A subset of $$A \subseteq R$$ of real numbers is called dense if $$\forall \delta > 0 , \forall x \in R , \exists a \in A: |x-a| < \delta$$ .

Suppose $$A \subseteq R$$ is dense. Prove that if g is a continuous function with g(x) = 0 for all $$x \in A$$, then g = 0

## The Attempt at a Solution

From the continuity of g, we know that $$\forall \epsilon > 0, \exists \delta > 0 : |g(x) - g(x_0)| < \epsilon$$ whenever $$0 < |x-x_0| < \delta$$. Now let x_0 be any real number that is not an element of A. We must prove that g(x_0) = 0.

To argue by contradiction, first assume that g(x_0) > 0. Again from g's continuity, $$\forall \epsilon > 0, \exists \delta > 0 : g(x_0) - \epsilon < g(x) < g(x_0) + \epsilon$$ whenever $$0 < |x-x_0| < \delta$$. Putting $$\epsilon = g(x_0)/2$$, we have $$g(x_0) - g(x_0)/2 = g(x_0)/2 < g(x)$$. Now g(x_0)/2 is positive and as a consequence, for all x in the interval $$x_0 - \delta < x < x_0 + \delta$$, g(x) > 0.
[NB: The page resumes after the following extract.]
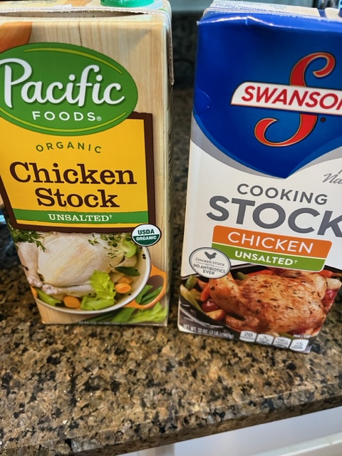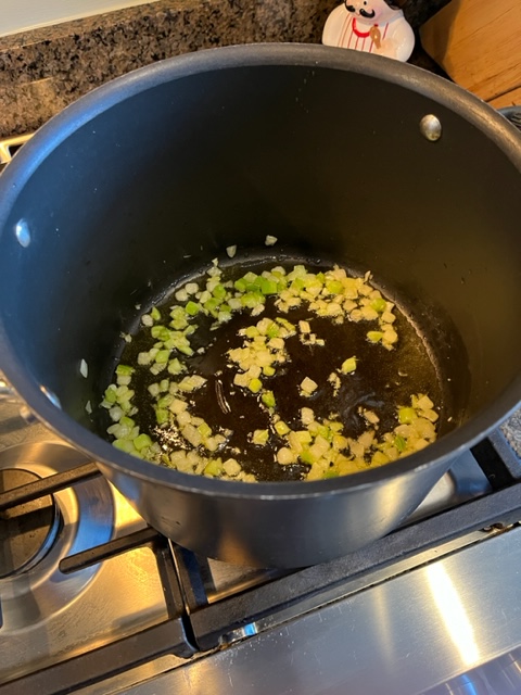 I had two boxes of low-sodium chicken broth (see photos here) in my fridge, having opened them to use for basting my turkey on Thanksgiving. What was left went into a soup pot after I had sauteed some celery and onion bits. I was lucky enough to get those already cut at a local supermarket that was selling big boxes of celery and onions for only a dollar after Thanksgiving. They were packaged for making stuffing.

Since A is dense, then we can find a value x = x* in our delta-interval that is an element of A. We know that g(x*) = 0, but from our assumption that g(x) > 0 we've proved that g(x*) > 0, and so this is a contradiction.

The proof for assuming g(x) < 0 is similar, and so g(x) = 0 for all x. QED

How does this proof look?

## Answers and Replies

Dick
Science Advisor
Homework Helper
That looks just fine to me.

Thanks for checking :)